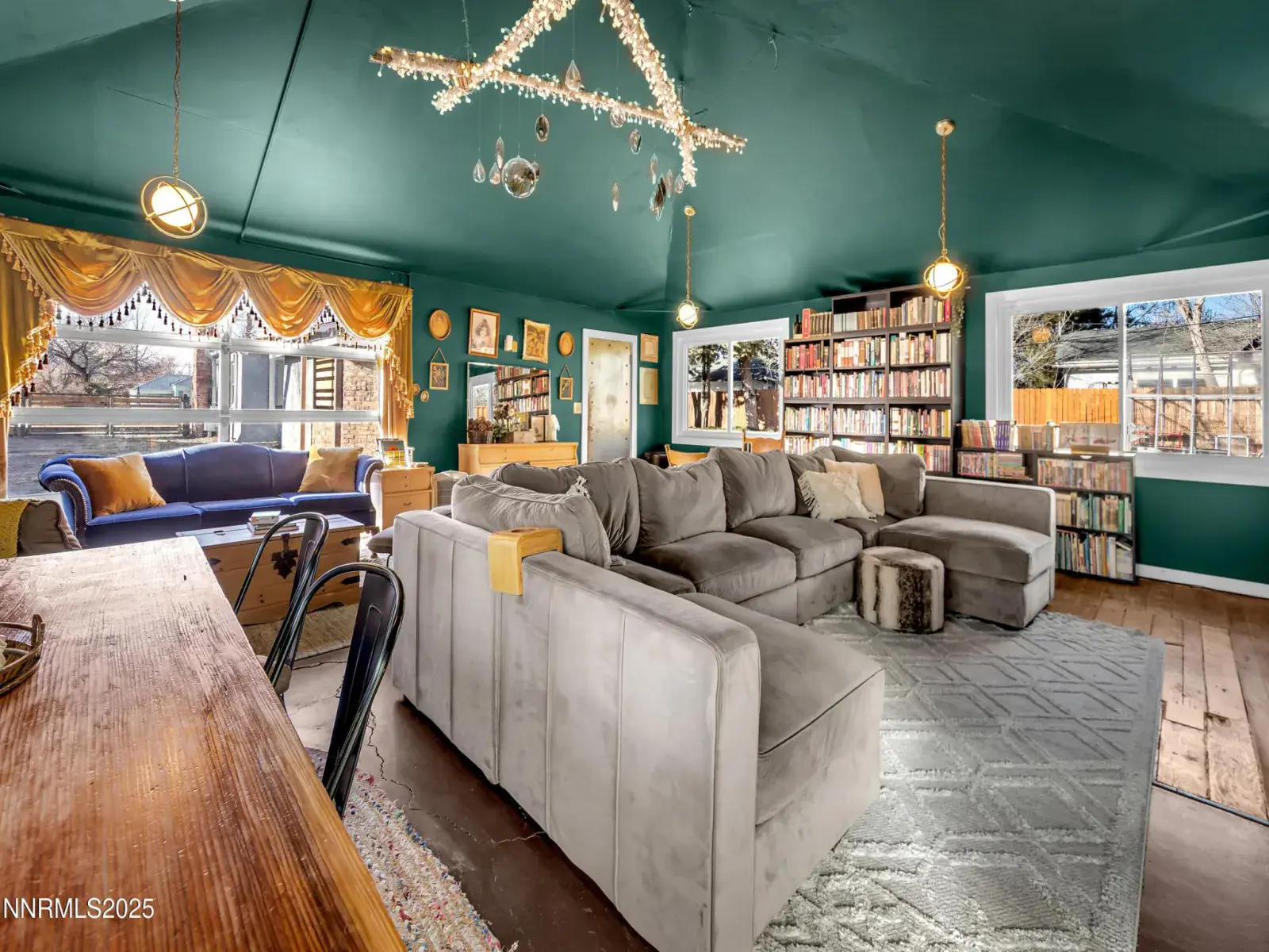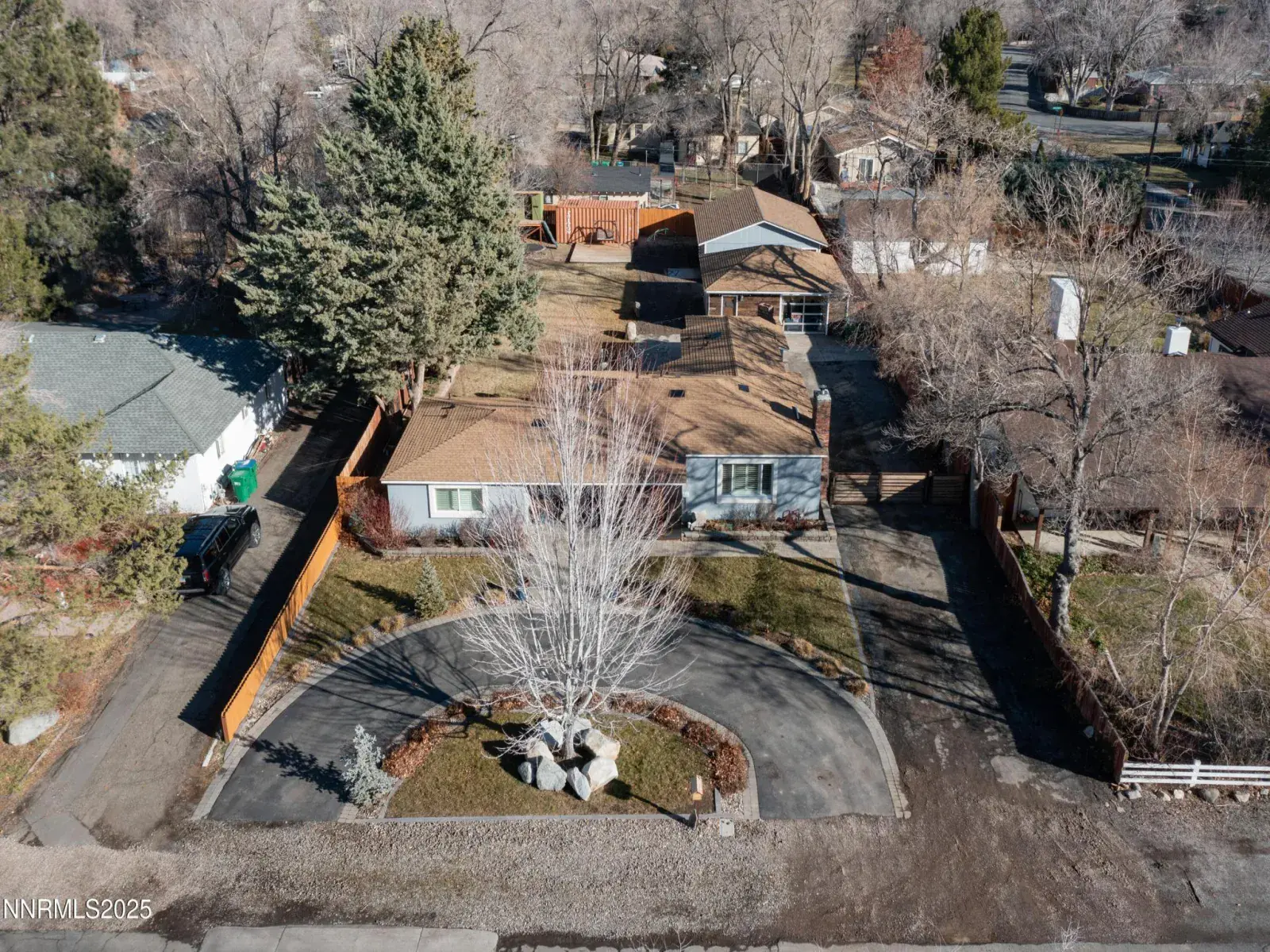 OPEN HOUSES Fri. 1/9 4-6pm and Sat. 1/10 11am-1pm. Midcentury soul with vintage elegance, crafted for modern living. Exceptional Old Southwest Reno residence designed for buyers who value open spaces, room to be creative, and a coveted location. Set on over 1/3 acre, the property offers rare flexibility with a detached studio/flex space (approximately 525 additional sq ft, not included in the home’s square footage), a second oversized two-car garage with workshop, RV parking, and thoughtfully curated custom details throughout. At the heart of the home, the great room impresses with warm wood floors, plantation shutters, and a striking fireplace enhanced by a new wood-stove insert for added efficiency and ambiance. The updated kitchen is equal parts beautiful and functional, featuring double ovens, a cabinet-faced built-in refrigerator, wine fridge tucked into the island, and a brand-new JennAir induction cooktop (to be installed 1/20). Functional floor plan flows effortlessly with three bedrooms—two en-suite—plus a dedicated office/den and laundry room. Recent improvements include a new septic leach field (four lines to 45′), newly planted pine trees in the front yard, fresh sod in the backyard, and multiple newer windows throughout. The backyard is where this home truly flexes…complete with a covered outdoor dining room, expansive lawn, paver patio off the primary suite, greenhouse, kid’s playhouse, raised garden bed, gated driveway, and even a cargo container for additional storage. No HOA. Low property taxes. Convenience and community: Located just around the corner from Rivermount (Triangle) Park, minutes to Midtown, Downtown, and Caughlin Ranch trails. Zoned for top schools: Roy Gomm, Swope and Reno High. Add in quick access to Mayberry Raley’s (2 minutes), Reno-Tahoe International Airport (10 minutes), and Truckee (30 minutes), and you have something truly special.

§

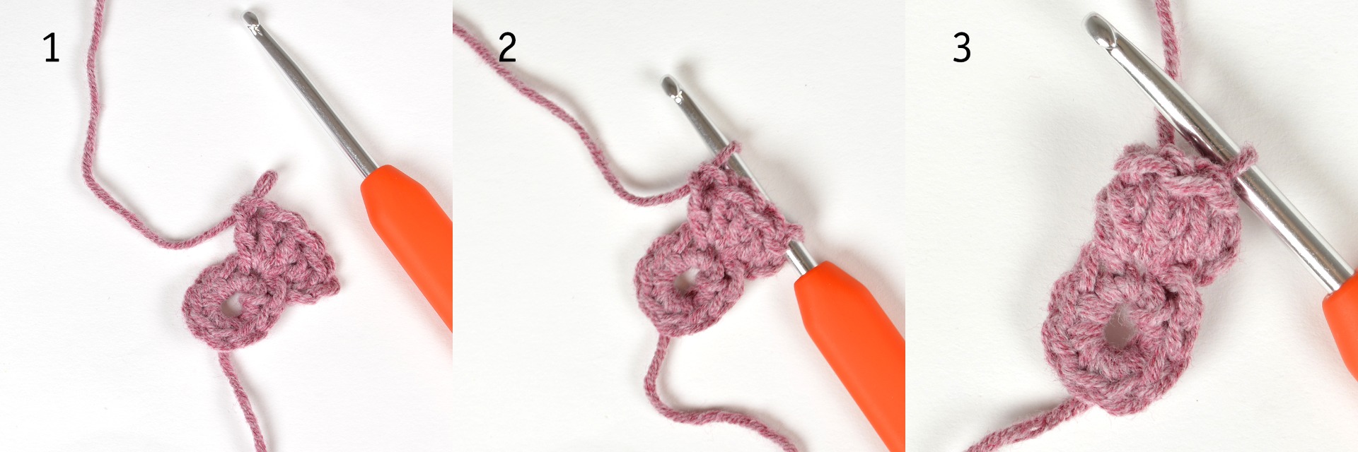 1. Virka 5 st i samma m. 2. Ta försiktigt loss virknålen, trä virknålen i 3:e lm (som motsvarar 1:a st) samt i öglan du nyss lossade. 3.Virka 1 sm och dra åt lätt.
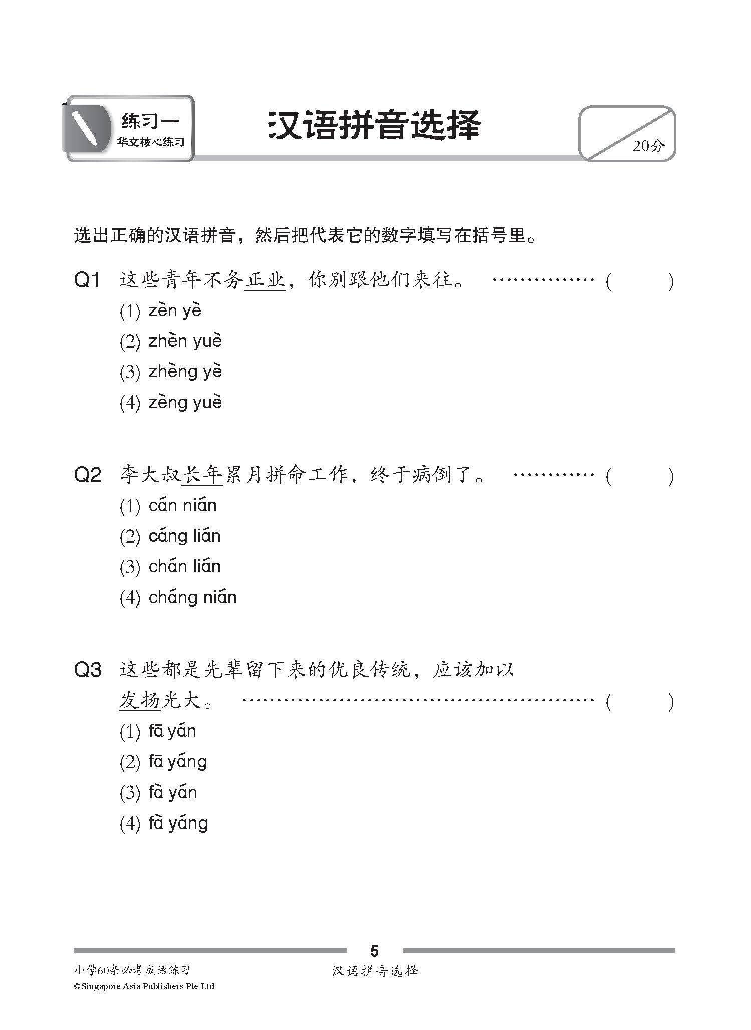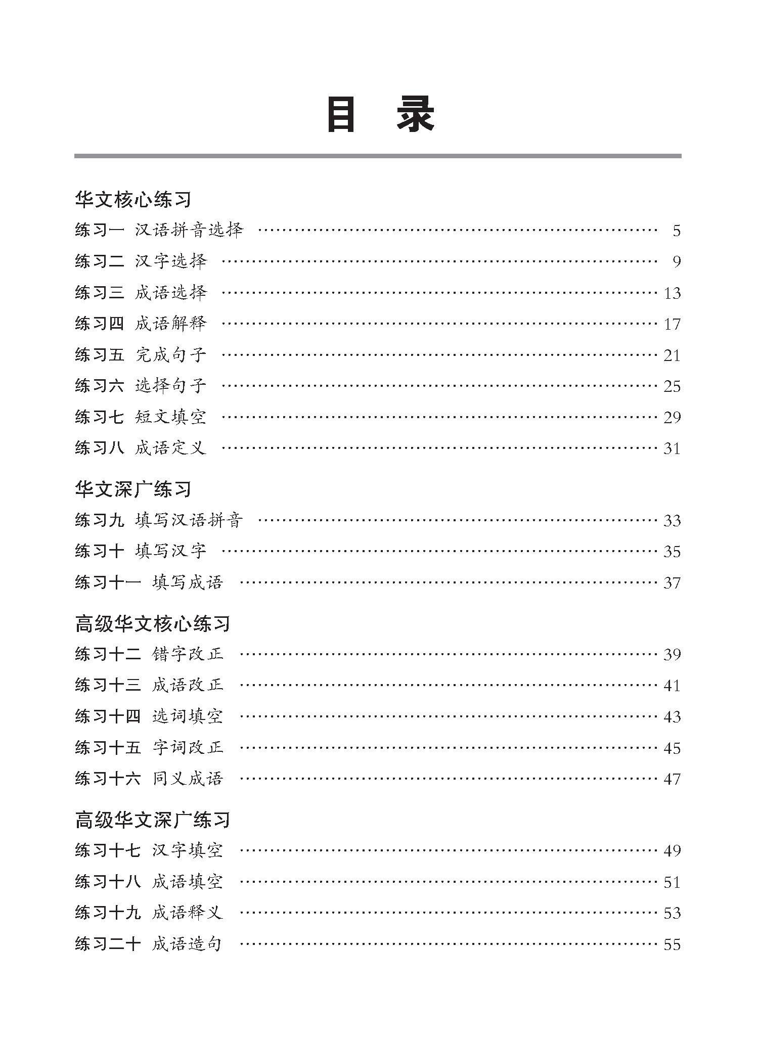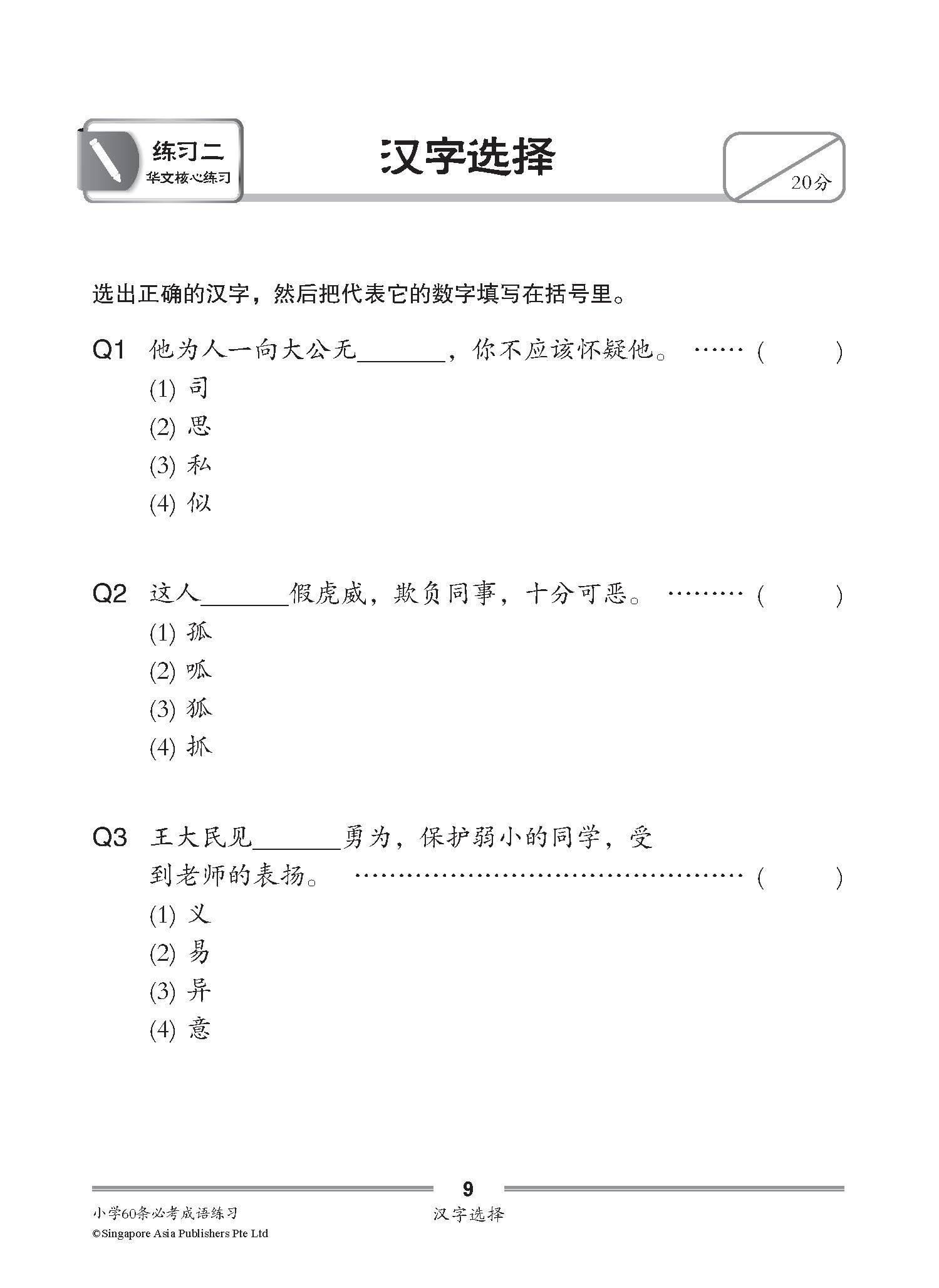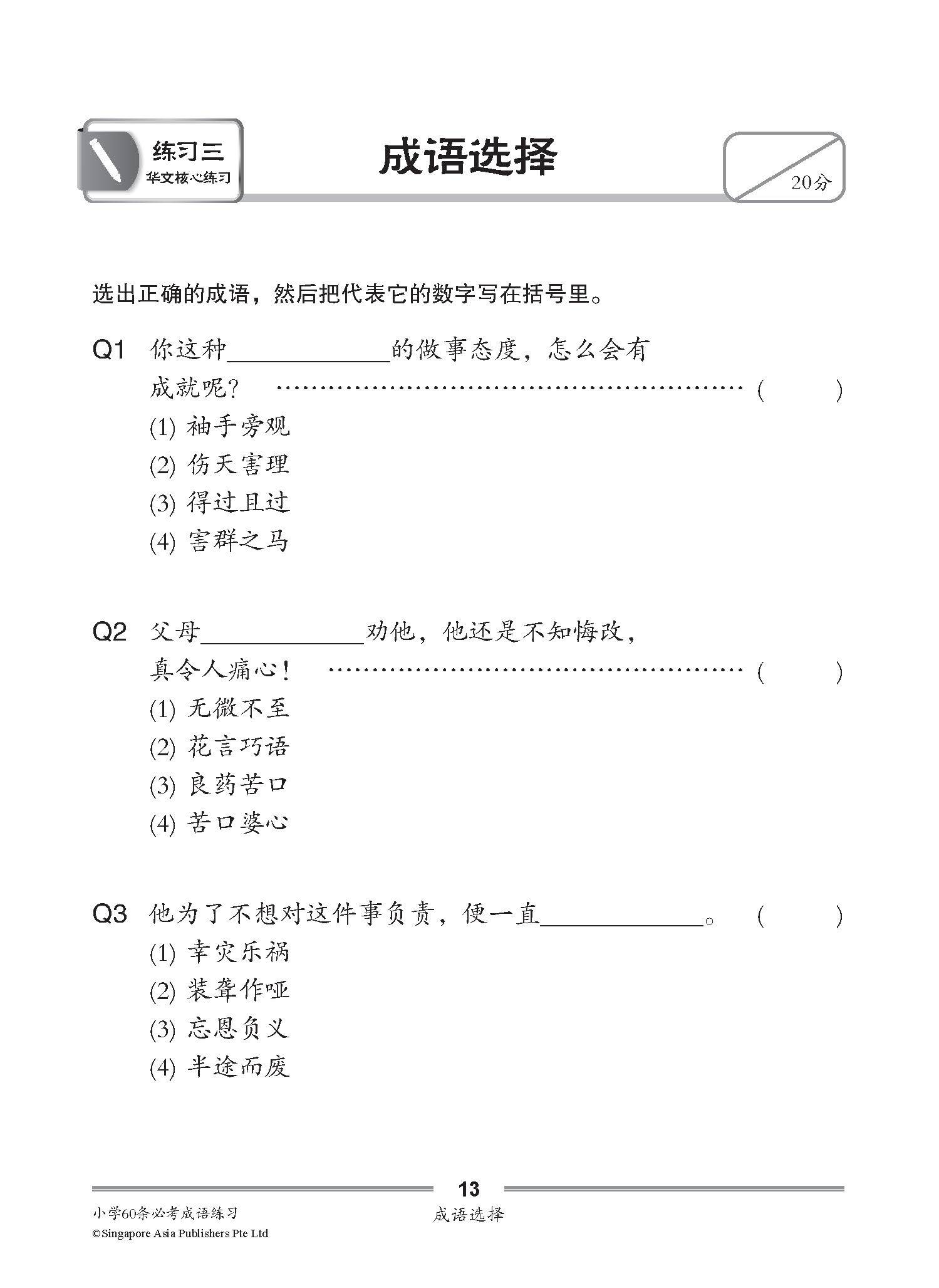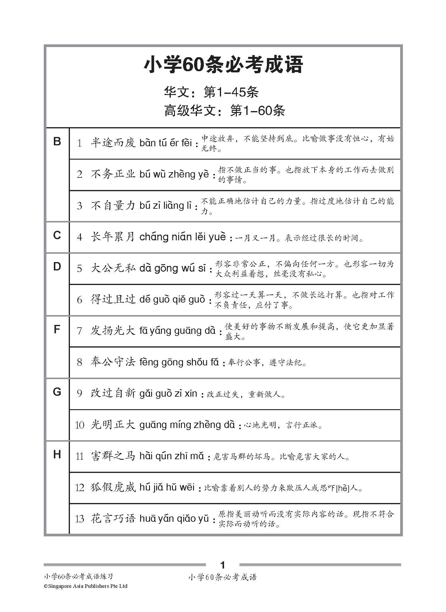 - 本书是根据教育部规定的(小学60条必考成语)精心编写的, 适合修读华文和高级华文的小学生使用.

§

Problem details:
Would you transcribe the lines above exactly, going from the line bearing "1. Virka 5 st" through the line bearing "- 本书是根据教育部规定的(小学60条必考成语)精心编写的, 适合修读华文和高级华文的小学生使用.", and drop the pictures from the copy?

Task response:
 1. Virka 5 st i samma m. 2. Ta försiktigt loss virknålen, trä virknålen i 3:e lm (som motsvarar 1:a st) samt i öglan du nyss lossade. 3.Virka 1 sm och dra åt lätt.
 - 本书是根据教育部规定的(小学60条必考成语)精心编写的, 适合修读华文和高级华文的小学生使用.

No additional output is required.